We study the model of a stationary neutrino cooled disk around a rotating Kerr black hole. We confirmed the presence of the thermal-viscous instability in the region of the large neutrino opacity and efficient helium photodisintegration. The instability was first studied in Janiuk et al. (2007) in the time-dependent model for the Schwarzschild black hole. It was found to produce dramatic changes in the density and temperature profiles as well as a rapid time variability of the disk emission. Here, we quantitatively described the role of the black hole spin and viscosity in the disk. We found that in the Kerr black hole disks the large spin parameter results in a larger size of an unstable strip, which appears even for a moderate accretion rate. The critical accretion rate is anticorrelated with the BH spin required for the onset of the instability. In the extreme BH case, the instability close to the inner edge may be effective even for $\dot M = 0.5~M_{\odot}$ s^-1. On the other hand, the more viscous the disk, the smaller in size is the unstable strip and the weaker should be the instability.

The time dependent calculations were not performed in the present work, because they would require to compute the time evolution of the BH spin and a moving radial grid, which is intended to be studied in the future work. However, we studied the influence of the black hole rotation on the disk structure considering our stationary model. This was done by means of the magnetic transfer of energy from the rotating black hole to the disk and vice versa.

The first important result in this work is that thermal instability occurs for quite low accretion rates, on the order of a fraction of solar mass per second, provided the black hole rotates very fast. This can be relevant for the origin of the variable energy input to the GRB jets not only in the case of the short GRBs, but also for long ones. The latter are presumably powered by the accretion of the fallback material from the massive star envelope onto the newly born black hole after the hypernova explosion (e.g. Mac Fadyen & Woosley 1999). In these models, the accretion rate is found to be substantially lower than in the merger of two neutron stars, and therefore the event can last for a much longer time to power the GRB for several hundreds of seconds. On the other hand, the massive star that is a progenitor of a hypernova is a rotating star, and therefore a natural consequence of the explosion should be the rapidly rotating black hole in the center.

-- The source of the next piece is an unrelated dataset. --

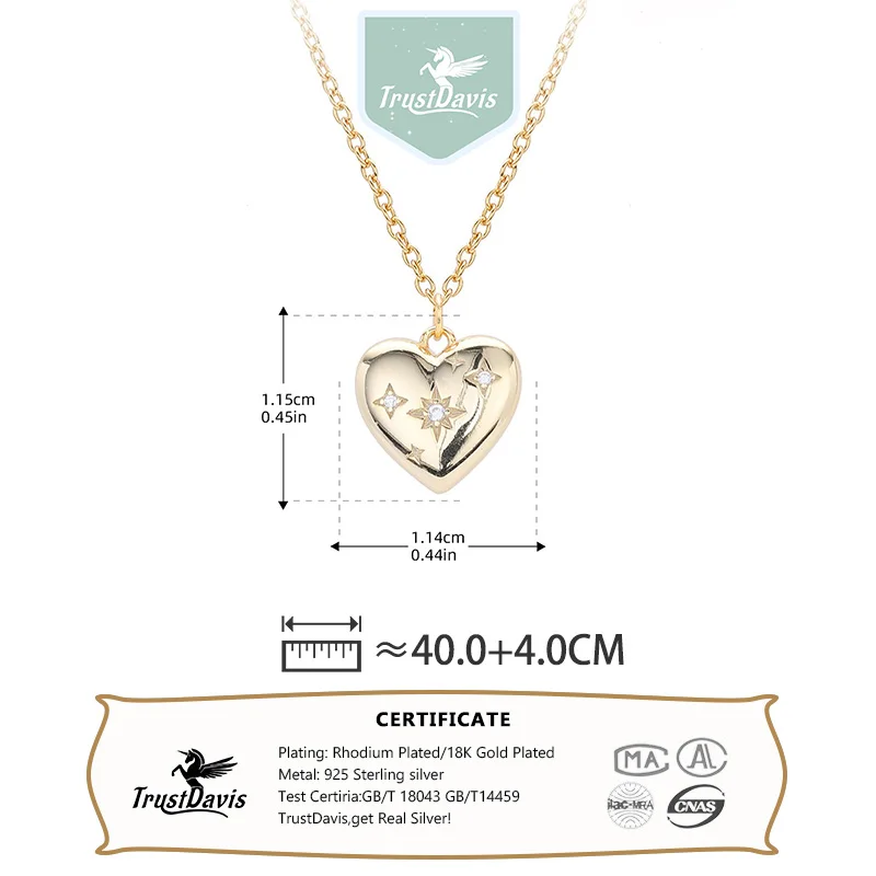 TrustDavis Real 925 Sterling Silver Fashion Simple Heart-shaped pendant necklace for Women Girls Gift Fine Jewelry DS4683

As was recently shown by Janiuk et al. (2008), the large black hole spin is a key ingredient for the occurrence of the longest duration GRBs, and is required for the GRB central engine to operate for a time on the order of hundreds of seconds. The present study leads us therefore to a general conclusion that the longest GRBs which are powered first by the neutrino annihilation and later by the black hole spin and require a>0.9, should be very variable at the initial phase of the prompt emission. Later on, when the accretion rate drops, the variability may be suppressed and what is observed is a smooth tail in the gamma ray lightcurve. On the other hand, the period of the highly variable GRB emission may be somewhat extended if the black hole is being spun up by the accretion. The issue discussed in the literature was whether in such a case the spin equilibrium value can be achieved at a=0.998 (Thorne 1974), or a less value (Gammie et al. 2004).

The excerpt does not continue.